Access Control and Observability

The security model is deliberately simple:

  • All database access is read-only. D can query ClickHouse and MongoDB but can’t write to them.
  • Write access is narrowly scoped — specific folders in Grafana, Jira, and Confluence. Enough to update dashboards and create tickets, not enough to do damage.
  • Full trace logging. Every interaction is recorded end-to-end in a MySQL control plane: the user prompt, system prompt, D’s reasoning chain, which tools were called, what queries were executed, and the final response.

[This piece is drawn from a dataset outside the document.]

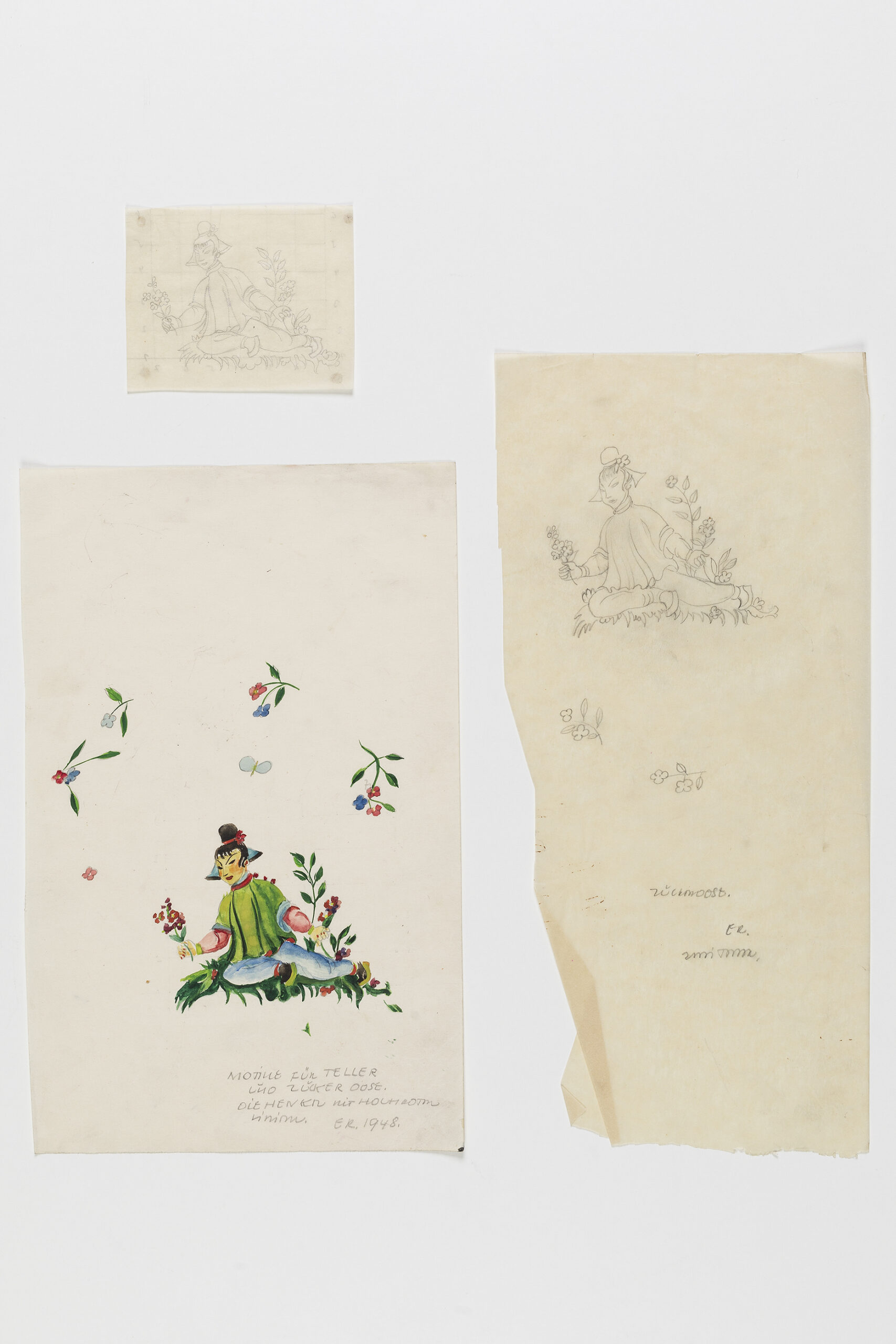 Drei Stadien eines Chinoiserie-Entwurfs eines Mädchens mit Blumen für eine Zuckerdose.

The trace logging isn’t optional — it’s the foundation of trust. When a trader says “D gave me the wrong number,” you need to reconstruct exactly what happened. No black boxes.

Early Results

It’s too early for precise metrics. But the qualitative shift is unmistakable.

Traders get answers in seconds instead of waiting for an engineer to context-switch. Alert response went from “wait until someone investigates” to immediate triage with a recommended action. And in cases like the insufficient-balance alert, the speed improvement has direct, measurable PnL impact.

Roughly 30–40% of my repetitive work — the ad-hoc queries, the routine troubleshooting, the “can you check this for me” Slack messages — is now handled by D.

What I’ve Learned

Start read-only. D earned trust by proving it could answer questions accurately before we gave it any write access. Even now, writes are scoped to documentation, Jira tickets, Github PRs — never direct changes to production systems without human oversight.

Let the domain experts own the context. Engineers shouldn’t be the bottleneck for teaching an agent about trading desks. The external skills repo — where traders write Markdown files with their own decision logic — turned out to be the single most impactful design choice.

Trace everything. Full observability over the agent’s reasoning isn’t a nice-to-have. It’s what makes the difference between “interesting prototype” and “tool the desk actually relies on.”

Redundancy is a spectrum. D handles the work that was never a good use of my time in the first place. The ad-hoc queries. The routine alert triage. The human-API work.

That’s the point. Not to replace the engineer, but to stop wasting one.


The goal was never to automate myself out of a job. It was to stop being the human middleware between traders and data — and spend my time on the systems that actually need engineering judgment.